Kingston harbour soon moved to the forefront in shipbuilding. Sir Isaac Brock, commander of the forces of Upper Canada, ordered the construction of larger gun ships. In 1805, the Earl of Moira was launched at 169 tons and 14 guns. She was followed by the smaller armed schooner, the Duke of Gloucester, in 1807; and the renowned Royal George, of a whopping 330 tons, and 22 guns joined the fleet in 1809.

By 1810, an observer counted 26 vessels engaged in trade and passenger transport on the lake; all of these merchant ships were less than 90 tons.

The Upper Canada merchant James Crooks, living in Crookston (a mile west of Niagara) launched his merchant schooner, the Lord Nelson [later captured and renamed the Scourge] in 1811. Construction lasted 8 months, with a month's pause between February and March.

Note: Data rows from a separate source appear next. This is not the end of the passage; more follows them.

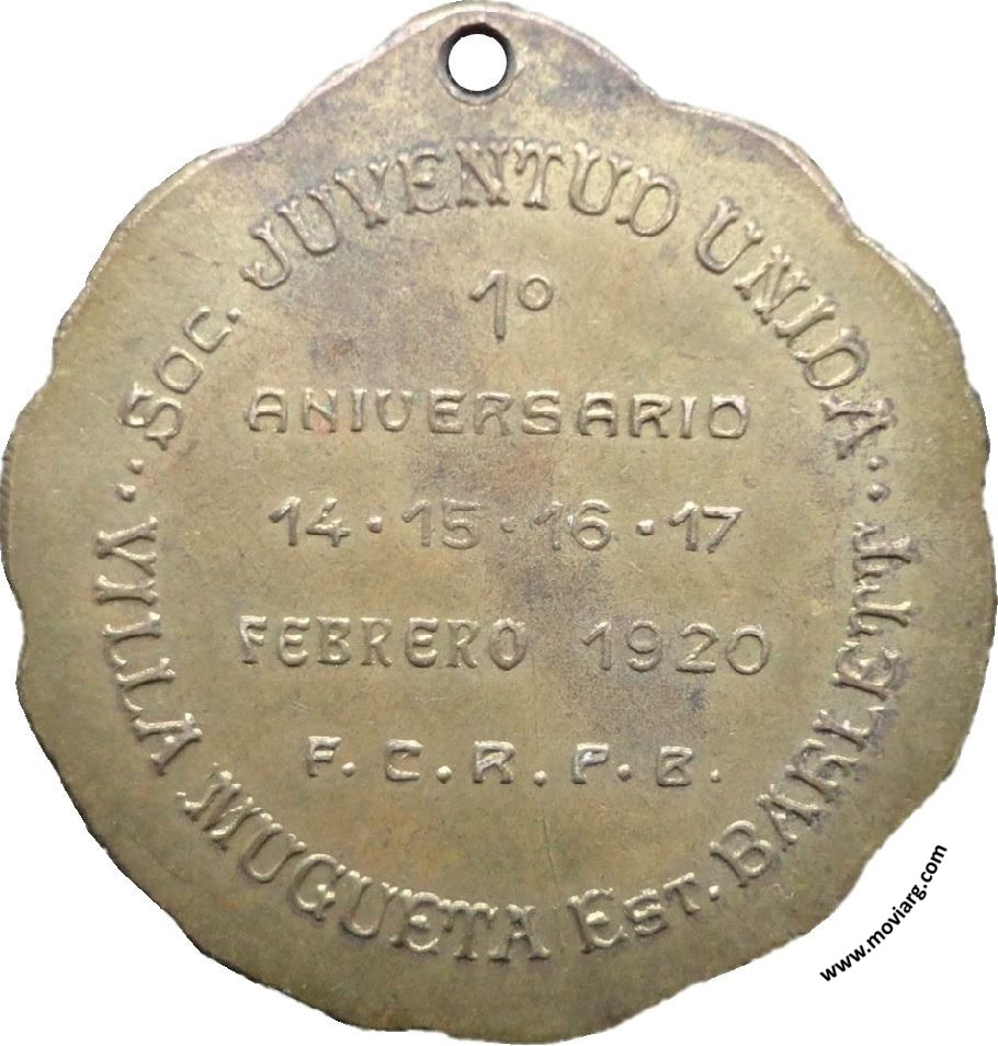 Anverso: Reverso: SOC. JUVENTUD UNIDA / VILLA MUGUETA EST. BARLETT / 1° / ANIVERSARIO / 14 · 15 · 16 · 17 / FEBRERO 1920 / F.C.R.P.B. Referencia: | |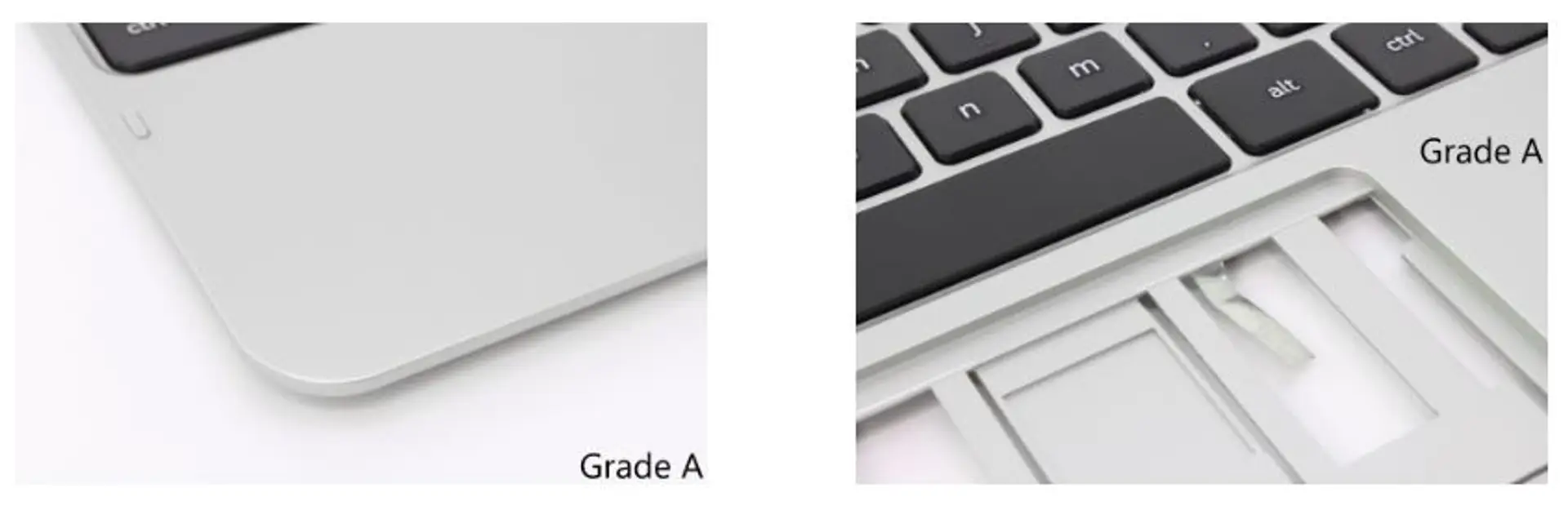 Palmrests are tested and are fully functional. All keys are present. Palmrest may have very minor scratches. Some keys may small have signs of wear such as scratches or keycap wear. These blemishes are small and often only perceivable upon very close inspection. The amount of cosmetic blemishes is minimal and generally only on a small portion of the palmrest or on a small number of keys.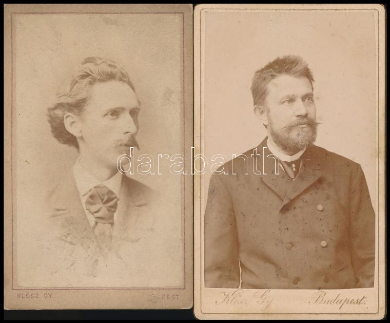 Leírás: cca 1869 és 1885 Klösz György pesti fényirdai műtermében készült 2 db vizitkártya méretű fénykép, 10,5x6,5 cm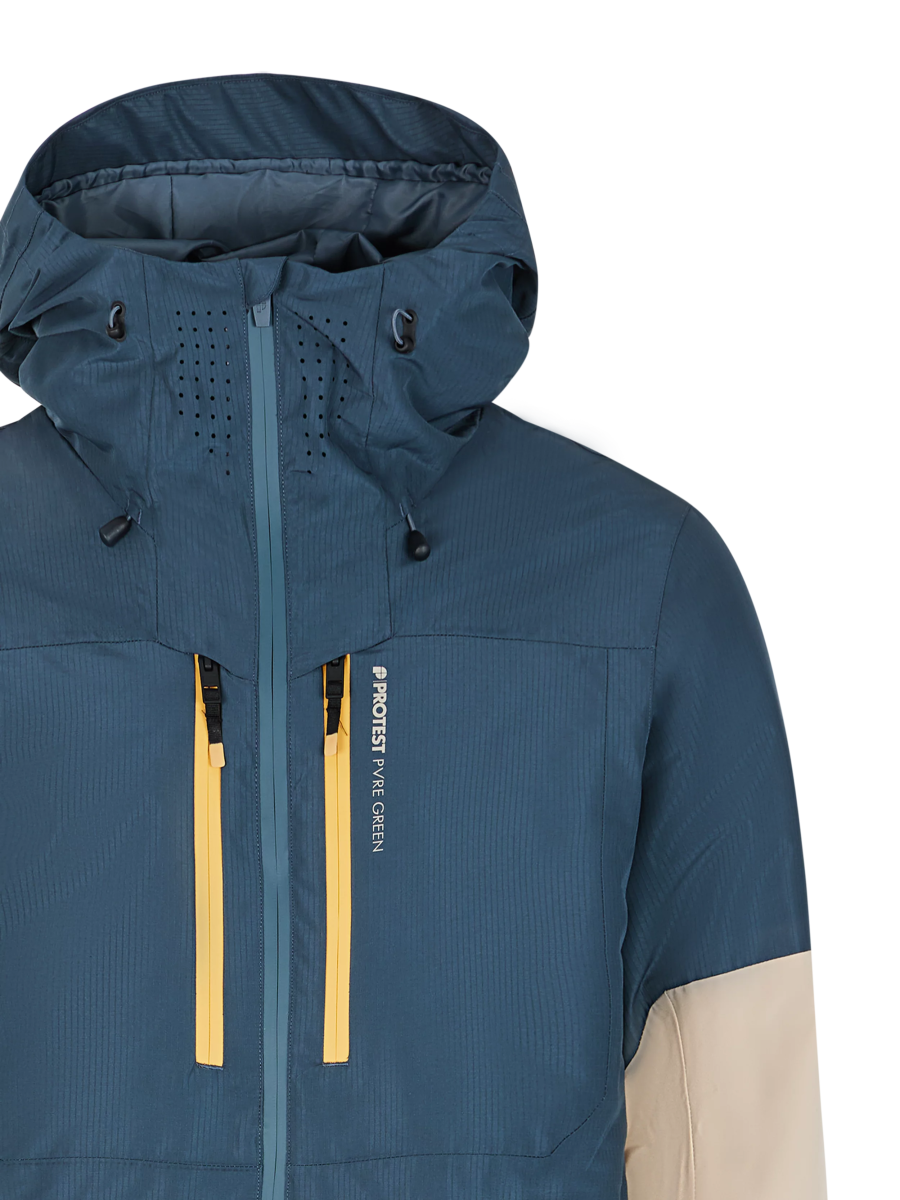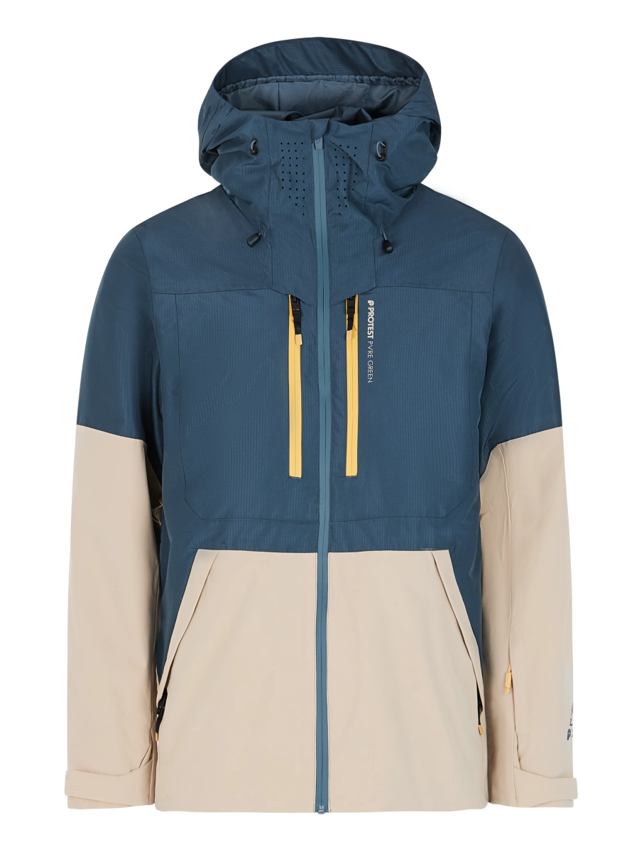 The PRTBAKIE ski and snowboard jacket by Protest combines style and practicality with an eco-friendly design. Part of our PVRE Green series, the PRTBAKIE is made of recycled materials and is free of harmful PFCs. The PRTBAKIE has plenty of useful design features, such as the helmet-compatible fixed hood with high collar, goggle pocket, waist gaiter and lift pass pocket. The 20g breathability and 20K water-repellent finish let excess moisture out while shielding you from moisture from the environment. Full taping, ventilation zips under the armpit and water-repellent front zips? Check! The Lycra inner cuffs with thumb hole are practical while on the slopes. The contrasting zips and Protest logo complete the look. The PRTBAKIE is available in a slim fit and length.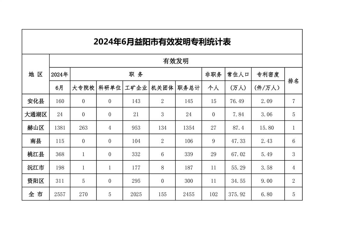 | 2024年06月益阳市有效发明专利统计表 |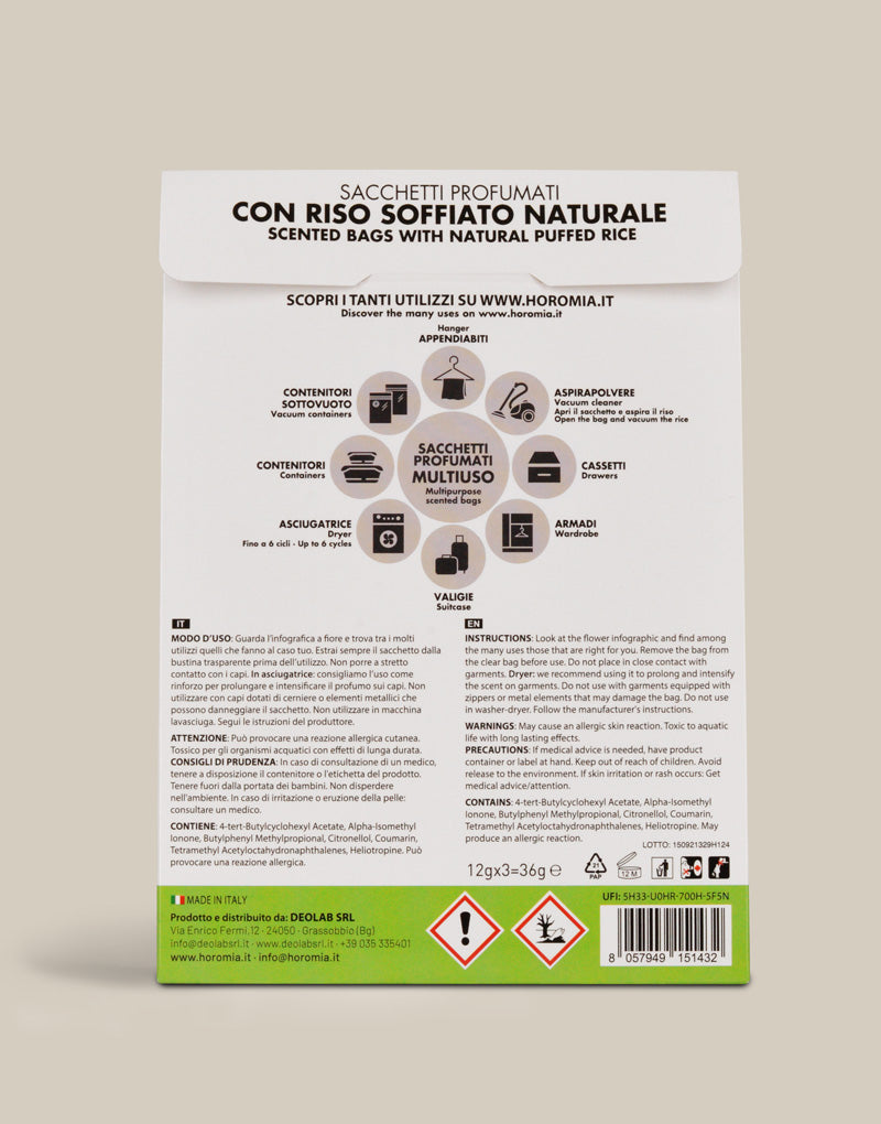 Creati con riso soffiato naturale non alimentare, i sacchetti profumati Horomia sono formulati per donare ai tuoi capi e alla tua casa il profumo unico e inconfondibile della tua fragranza preferita. Ogni confezione contiene tre sacchetti profumati avvolti in una busta trasparente ad alta protezione, per un profumo intenso e duraturo fino a 12 settimane.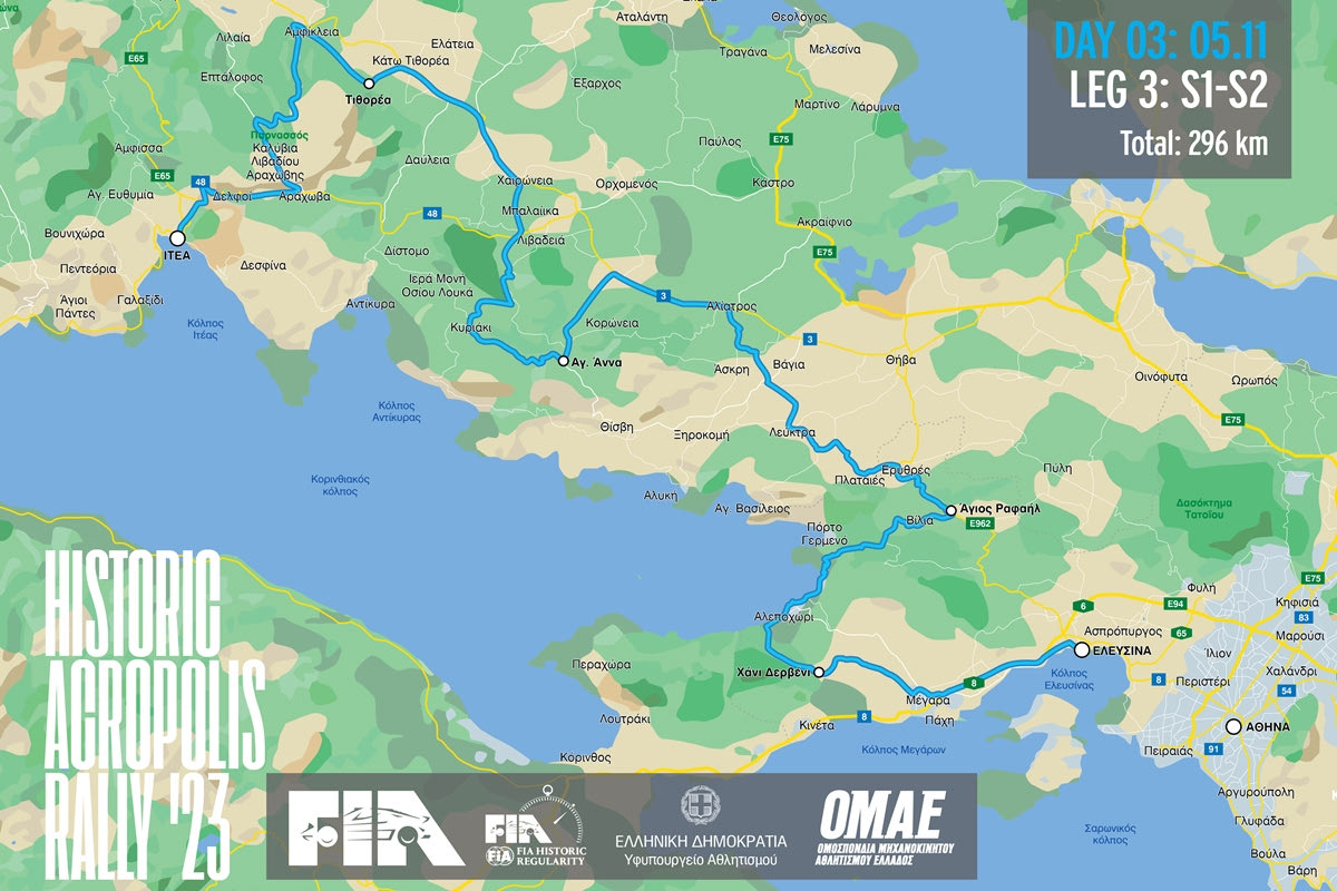 Τα πληρώματα θα περάσουν από Επτάλοφο, Πολύδροσο, Χαιρώνεια, Κυριάκι, Αγία Άννα, Πλαταιές και Ερυθρές, για να φτάσουν στα Βίλια όπου θα γίνει η ανασυγκρότηση. Στο τελευταίο μέρος του αγώνα, η διαδρομή περνάει από Ψάθα, Αλεποχώρι, Χάνι και Μέγαρα, για να τερματίσει στην Ελευσίνα στις 16:00, μετά από 296 χιλιόμετρα.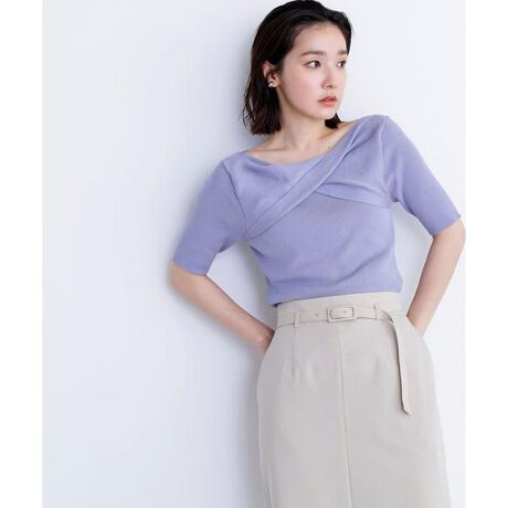 フロントにツイストデザインを入れた大人っぽい雰囲気のニットプルオーバー。ツイストデザインが顔まわりを華やかに印象づけながら、少し開けた襟ぐりがデコルテラインをすっきり見せてくれます。リブ編みですっきりと編み立てたニットは、フレアスカートを合わせるなど、フェミニンなスタイリングがおすすめです。<素材>清涼感のあるタッチの糸を使い、リブ編みで編み立てています。<詳細>仕様・開閉なし裏地・なし透け感・なし / 光沢・なし / 伸縮性・あり生地の厚さ・普通※モデルの着用画像の場合、光の当たり具合により、実際の色味と異なって見えることがございます。色味は、商品単体の画像をご参照ください。

Later ships to come out of Kingston included the Wolfe (Commodore Yeo's ship when the Hamilton and Scourge sank), a 23-gun, 416-ton vessel launched in April, 1813. Sir Isaac Brock, under construction at York, was burnt during Chauncey's attack and occupation there in April 1813.

American History of Shipbuilding

American shipbuilding at Oswego and Sackets Harbor sprang from the need to enforce the Embargo Act of 1807 across the American - Upper Canadian border that passed through Lake Ontario.

Lieutenant Woolsey was sent from Washington to Oswego with a gang of shipbuilders for just such a purpose. On March 31, 1803 the Oneida was launched with a party held in honour of the event (to read a humorous description of the ball, click here). The Oneida was 243 tons with 17 guns (Ned Myers believed that the British Royal George was built in response to the Oneida).

Also launched in 1809 was the Diana, a schooner built for merchant Matthew McNair, who also owned another merchant schooner called Peggy.

When Chauncey was sent by the U.S. Navy to join Woolsey, he shifted shipbuilding from Oswego to Sackets Harbor. Here, the Madison was launched in November, 1812 at 593 tons and capable of holding 22 guns, after an incredible construction period of only 9 weeks!

Sackets Harbor built two more ships from 1812-1813: the Lady of the Lake, a small schooner, and the largest ship on Lake Ontario at the time, the General Pike at 900 tons, with 26 guns.

When you read about the other ships in Chauncey and Yeo's fleets, many were simple merchant schooners that were purchased by the Navy and armed. The Lord Nelson (Scourge) and Diana (Hamilton) were two such ships.